**WHAT THIS TASK INVOLVES**
Your answer must be the exact lines of the listing below that run from the line with "If you are looking" to the line with "Send money via", ends included, and no pictures.

**MATERIAL TO PROCESS**
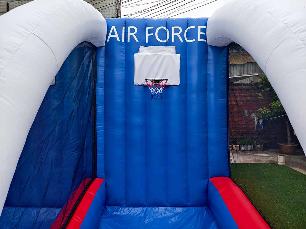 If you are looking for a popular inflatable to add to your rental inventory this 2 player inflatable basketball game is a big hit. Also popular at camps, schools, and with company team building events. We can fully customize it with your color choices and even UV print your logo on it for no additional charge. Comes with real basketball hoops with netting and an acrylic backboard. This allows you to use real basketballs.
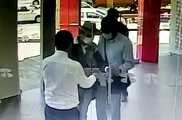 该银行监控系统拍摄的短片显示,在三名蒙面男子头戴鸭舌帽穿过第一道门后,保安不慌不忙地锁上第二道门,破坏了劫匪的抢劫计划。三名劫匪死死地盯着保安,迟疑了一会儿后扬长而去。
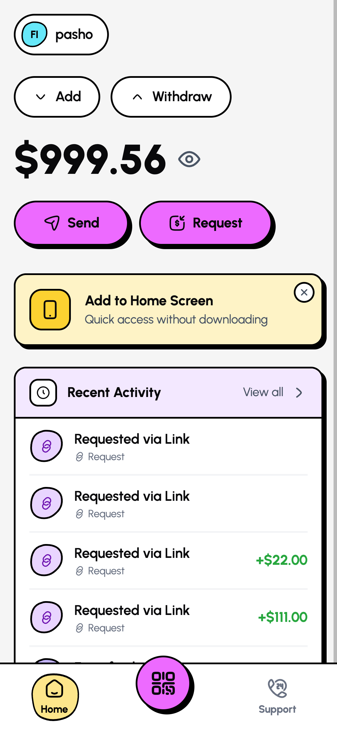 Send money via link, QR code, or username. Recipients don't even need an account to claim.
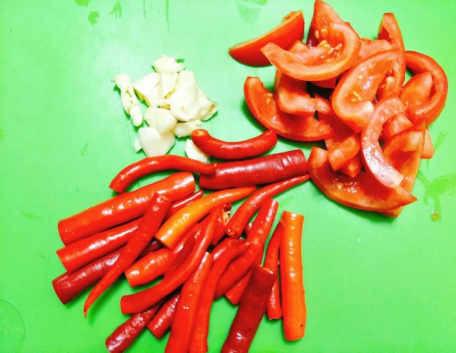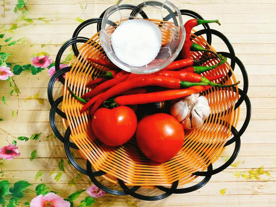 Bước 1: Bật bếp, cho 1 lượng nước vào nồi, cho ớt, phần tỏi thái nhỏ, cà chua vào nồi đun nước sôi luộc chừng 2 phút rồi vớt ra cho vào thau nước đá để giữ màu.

==

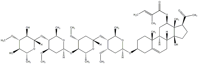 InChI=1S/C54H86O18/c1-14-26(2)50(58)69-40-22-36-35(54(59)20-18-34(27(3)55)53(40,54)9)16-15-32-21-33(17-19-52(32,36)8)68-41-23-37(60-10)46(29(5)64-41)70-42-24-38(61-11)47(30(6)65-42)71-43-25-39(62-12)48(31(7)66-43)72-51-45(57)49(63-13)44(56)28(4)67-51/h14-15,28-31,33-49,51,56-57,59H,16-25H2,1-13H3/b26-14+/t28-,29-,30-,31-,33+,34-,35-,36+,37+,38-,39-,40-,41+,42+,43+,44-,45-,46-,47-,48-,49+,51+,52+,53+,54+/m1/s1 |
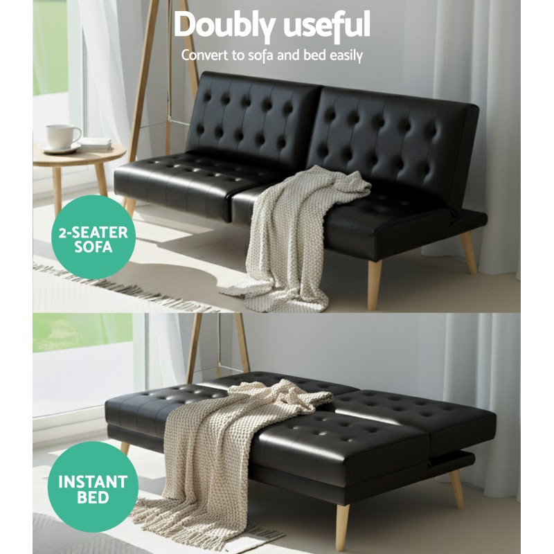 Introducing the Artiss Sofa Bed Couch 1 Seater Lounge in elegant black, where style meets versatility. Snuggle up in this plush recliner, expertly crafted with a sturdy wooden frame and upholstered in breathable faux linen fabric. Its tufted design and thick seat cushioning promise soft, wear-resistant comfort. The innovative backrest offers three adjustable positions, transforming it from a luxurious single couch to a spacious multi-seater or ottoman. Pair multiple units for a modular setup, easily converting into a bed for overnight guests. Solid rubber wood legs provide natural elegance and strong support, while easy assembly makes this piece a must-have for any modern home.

**SOLUTION FOR THIS EXERCISE**
 If you are looking for a popular inflatable to add to your rental inventory this 2 player inflatable basketball game is a big hit. Also popular at camps, schools, and with company team building events. We can fully customize it with your color choices and even UV print your logo on it for no additional charge. Comes with real basketball hoops with netting and an acrylic backboard. This allows you to use real basketballs.
 该银行监控系统拍摄的短片显示,在三名蒙面男子头戴鸭舌帽穿过第一道门后,保安不慌不忙地锁上第二道门,破坏了劫匪的抢劫计划。三名劫匪死死地盯着保安,迟疑了一会儿后扬长而去。
 Send money via link, QR code, or username. Recipients don't even need an account to claim.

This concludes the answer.